WHAT YOU SHOULD DO:
For the records below, output word for word the lines from the one with "Caja de cartón" up to and including the one with "Bài đăng đi". No pictures.

AVAILABLE DATA:
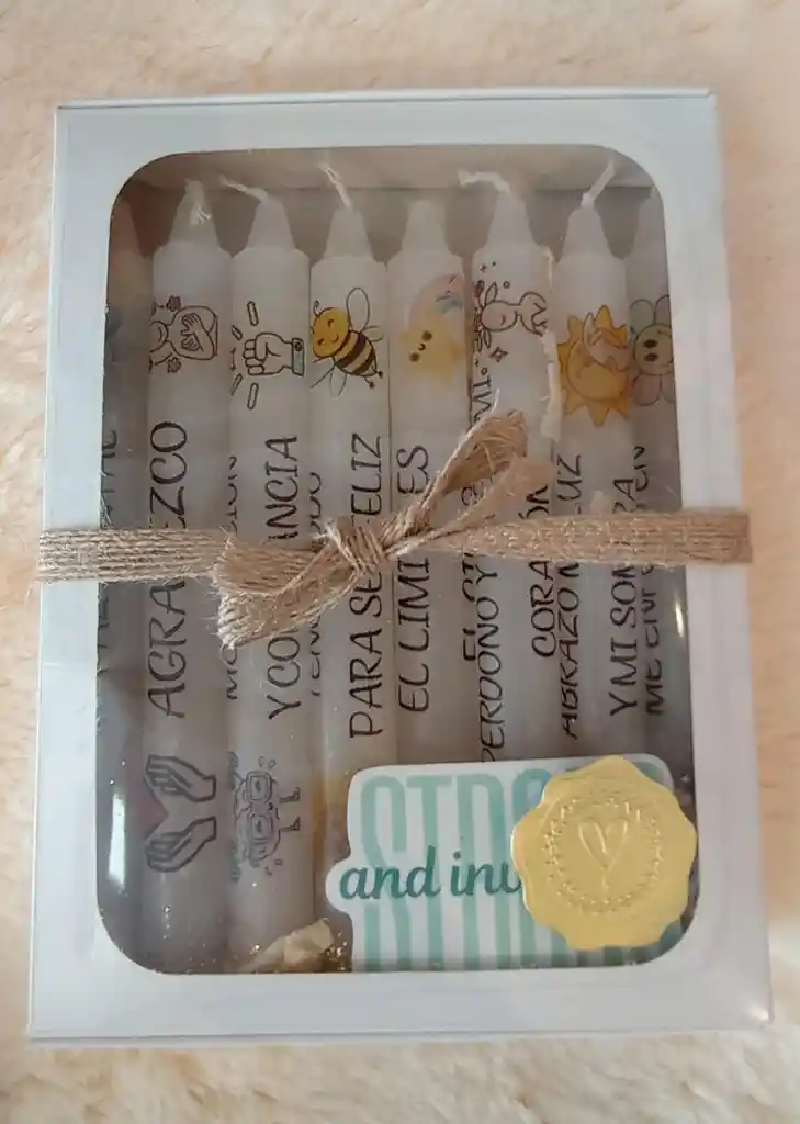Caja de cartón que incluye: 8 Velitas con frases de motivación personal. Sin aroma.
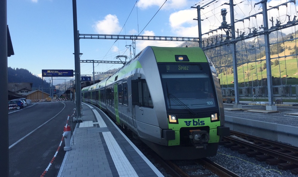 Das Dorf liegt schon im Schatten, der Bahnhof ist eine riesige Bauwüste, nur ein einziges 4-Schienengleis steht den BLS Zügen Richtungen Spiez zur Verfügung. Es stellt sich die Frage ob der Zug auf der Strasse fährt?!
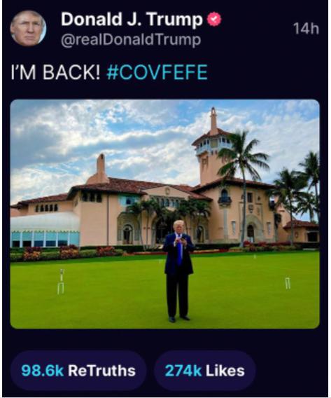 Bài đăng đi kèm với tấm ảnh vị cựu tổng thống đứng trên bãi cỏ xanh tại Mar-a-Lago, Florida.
* * *
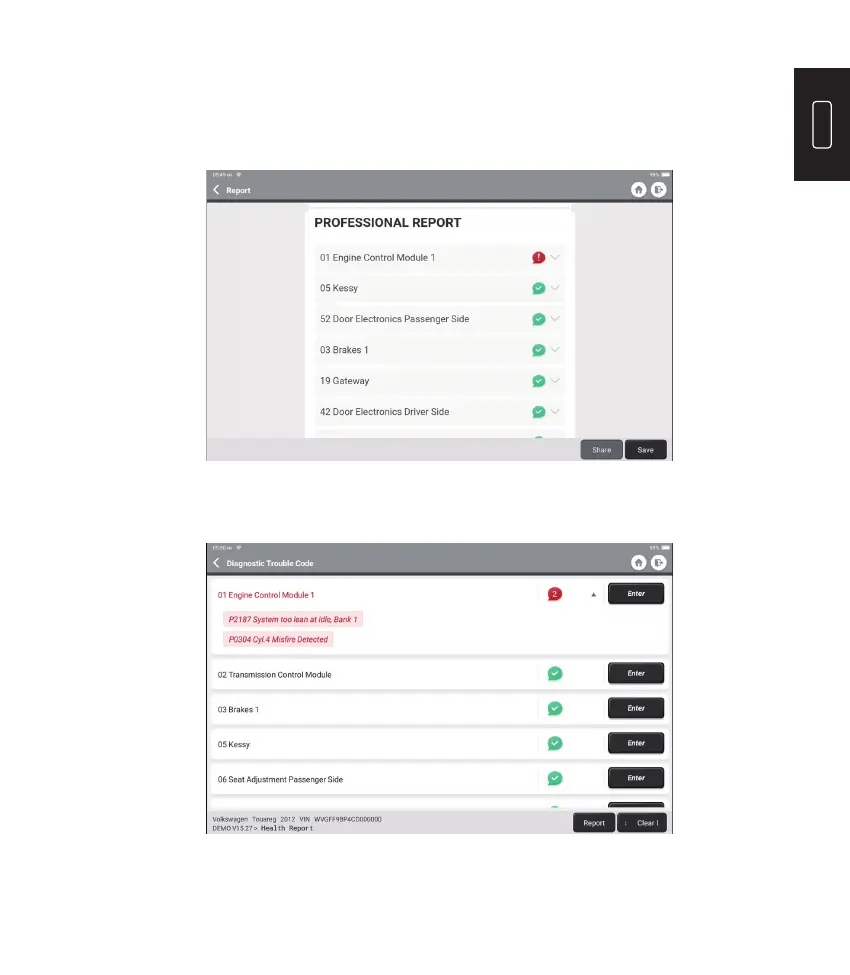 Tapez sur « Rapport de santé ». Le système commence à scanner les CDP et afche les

RESPONSE TO THE TASK:
Caja de cartón que incluye: 8 Velitas con frases de motivación personal. Sin aroma.
 Das Dorf liegt schon im Schatten, der Bahnhof ist eine riesige Bauwüste, nur ein einziges 4-Schienengleis steht den BLS Zügen Richtungen Spiez zur Verfügung. Es stellt sich die Frage ob der Zug auf der Strasse fährt?!
 Bài đăng đi kèm với tấm ảnh vị cựu tổng thống đứng trên bãi cỏ xanh tại Mar-a-Lago, Florida.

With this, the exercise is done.